• Work to be completed: Copy the lines from the start of the records below through the line containing "Figure 9. Jaques", both included, and leave out the pictures.

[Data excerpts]
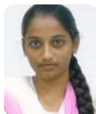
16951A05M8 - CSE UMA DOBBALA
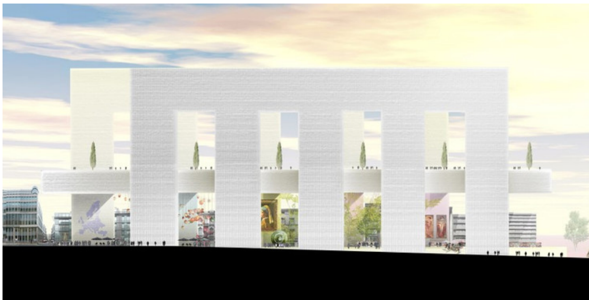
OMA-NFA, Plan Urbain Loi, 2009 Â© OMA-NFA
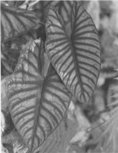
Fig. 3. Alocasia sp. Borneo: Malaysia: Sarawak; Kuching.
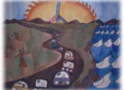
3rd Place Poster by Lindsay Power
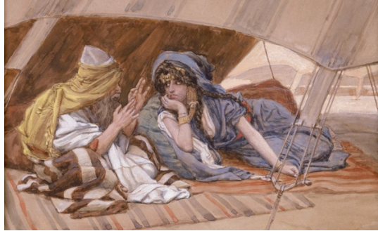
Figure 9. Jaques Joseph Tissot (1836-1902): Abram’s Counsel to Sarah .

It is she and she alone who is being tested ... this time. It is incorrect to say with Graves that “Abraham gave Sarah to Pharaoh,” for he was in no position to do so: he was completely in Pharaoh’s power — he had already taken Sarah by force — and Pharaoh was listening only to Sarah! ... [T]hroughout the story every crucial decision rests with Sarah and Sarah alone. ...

• Reply:
16951A05M8 - CSE UMA DOBBALA
OMA-NFA, Plan Urbain Loi, 2009 Â© OMA-NFA
Fig. 3. Alocasia sp. Borneo: Malaysia: Sarawak; Kuching.
3rd Place Poster by Lindsay Power
Figure 9. Jaques Joseph Tissot (1836-1902): Abram’s Counsel to Sarah .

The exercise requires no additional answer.